=== What you will do ===
Among the lines below, output only those between the line holding "Vehicles with low" and the line holding "Qiandao Lake is", inclusive, exactly as written and with no pictures.

=== Material for this exercise ===
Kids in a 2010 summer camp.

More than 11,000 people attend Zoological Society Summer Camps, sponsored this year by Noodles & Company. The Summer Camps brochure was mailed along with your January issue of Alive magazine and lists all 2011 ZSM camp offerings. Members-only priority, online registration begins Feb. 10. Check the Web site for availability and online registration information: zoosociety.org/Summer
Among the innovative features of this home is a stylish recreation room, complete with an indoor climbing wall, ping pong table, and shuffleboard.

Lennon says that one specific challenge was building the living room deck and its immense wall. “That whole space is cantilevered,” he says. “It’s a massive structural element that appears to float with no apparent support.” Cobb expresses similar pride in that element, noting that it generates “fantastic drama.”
==
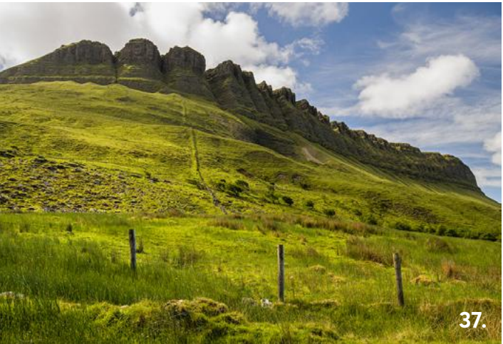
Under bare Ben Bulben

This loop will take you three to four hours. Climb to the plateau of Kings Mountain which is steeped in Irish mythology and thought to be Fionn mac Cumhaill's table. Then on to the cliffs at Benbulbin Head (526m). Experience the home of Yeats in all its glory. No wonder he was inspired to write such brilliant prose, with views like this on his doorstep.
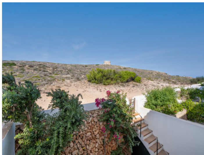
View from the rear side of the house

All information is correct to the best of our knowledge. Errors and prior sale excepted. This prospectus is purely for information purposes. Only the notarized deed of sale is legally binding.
==
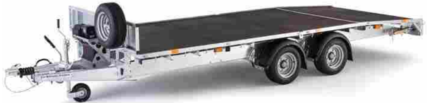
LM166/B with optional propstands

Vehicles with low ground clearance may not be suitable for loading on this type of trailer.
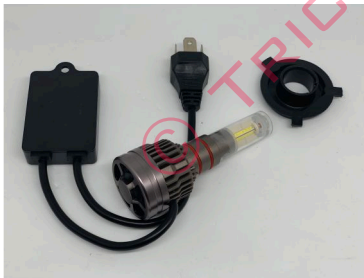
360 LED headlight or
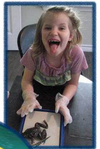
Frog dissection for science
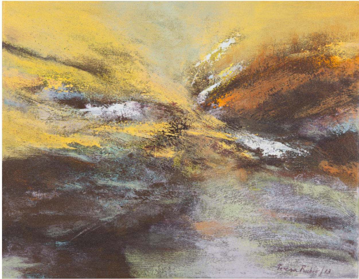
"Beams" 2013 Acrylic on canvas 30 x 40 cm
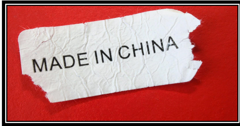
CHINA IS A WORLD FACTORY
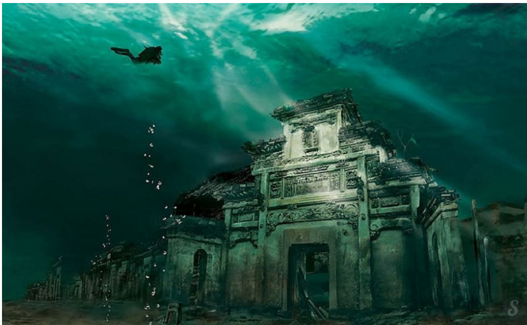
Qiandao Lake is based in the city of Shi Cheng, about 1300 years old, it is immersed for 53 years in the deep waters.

=== Exercise result ===
Vehicles with low ground clearance may not be suitable for loading on this type of trailer.
360 LED headlight or
Frog dissection for science
"Beams" 2013 Acrylic on canvas 30 x 40 cm
CHINA IS A WORLD FACTORY
Qiandao Lake is based in the city of Shi Cheng, about 1300 years old, it is immersed for 53 years in the deep waters.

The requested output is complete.